CVSep 17, 2019

ProtoGAN: Towards Few Shot Learning for Action Recognition

arXiv:1909.07945v1108 citations
AI Analysis

It addresses the challenge of recognizing novel action categories with limited data, providing a benchmark for generalized few-shot learning in action recognition.

The paper tackles few-shot learning for action recognition by proposing ProtoGAN, a framework that synthesizes additional examples for novel categories using a conditional GAN conditioned on class prototype vectors, achieving state-of-the-art results on UCF101, HMDB51, and Olympic-Sports datasets.

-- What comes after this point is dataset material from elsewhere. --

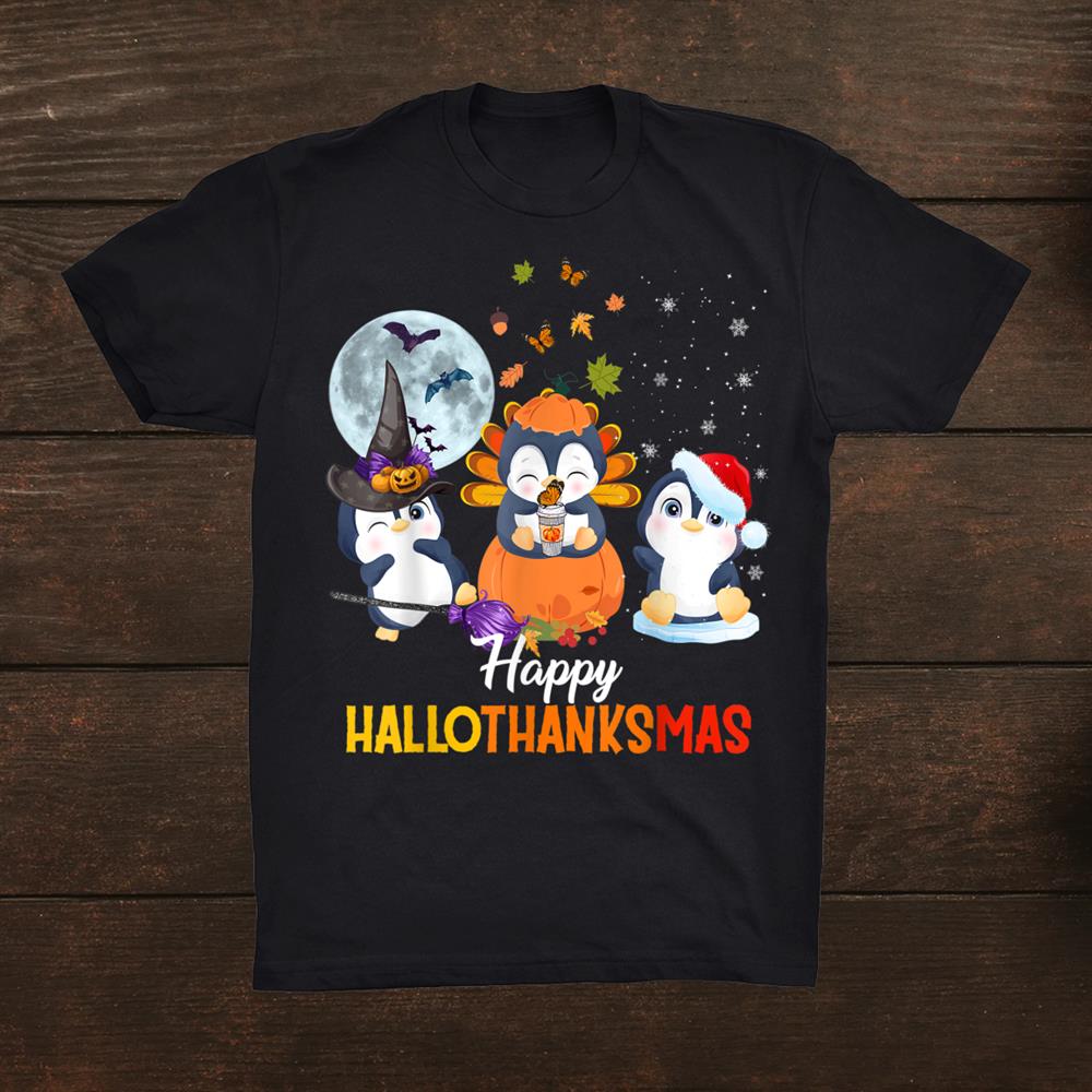 Penguin Halloween And Happy Hallothanksmas Merry Christmas Shirt, hoodie, sweatshirt, long sleeve and ladies T-shirt

Few-shot learning (FSL) for action recognition is a challenging task of recognizing novel action categories which are represented by few instances in the training data. In a more generalized FSL setting (G-FSL), both seen as well as novel action categories need to be recognized. Conventional classifiers suffer due to inadequate data in FSL setting and inherent bias towards seen action categories in G-FSL setting. In this paper, we address this problem by proposing a novel ProtoGAN framework which synthesizes additional examples for novel categories by conditioning a conditional generative adversarial network with class prototype vectors. These class prototype vectors are learnt using a Class Prototype Transfer Network (CPTN) from examples of seen categories. Our synthesized examples for a novel class are semantically similar to real examples belonging to that class and is used to train a model exhibiting better generalization towards novel classes. We support our claim by performing extensive experiments on three datasets: UCF101, HMDB51 and Olympic-Sports. To the best of our knowledge, we are the first to report the results for G-FSL and provide a strong benchmark for future research. We also outperform the state-of-the-art method in FSL for all the aforementioned datasets.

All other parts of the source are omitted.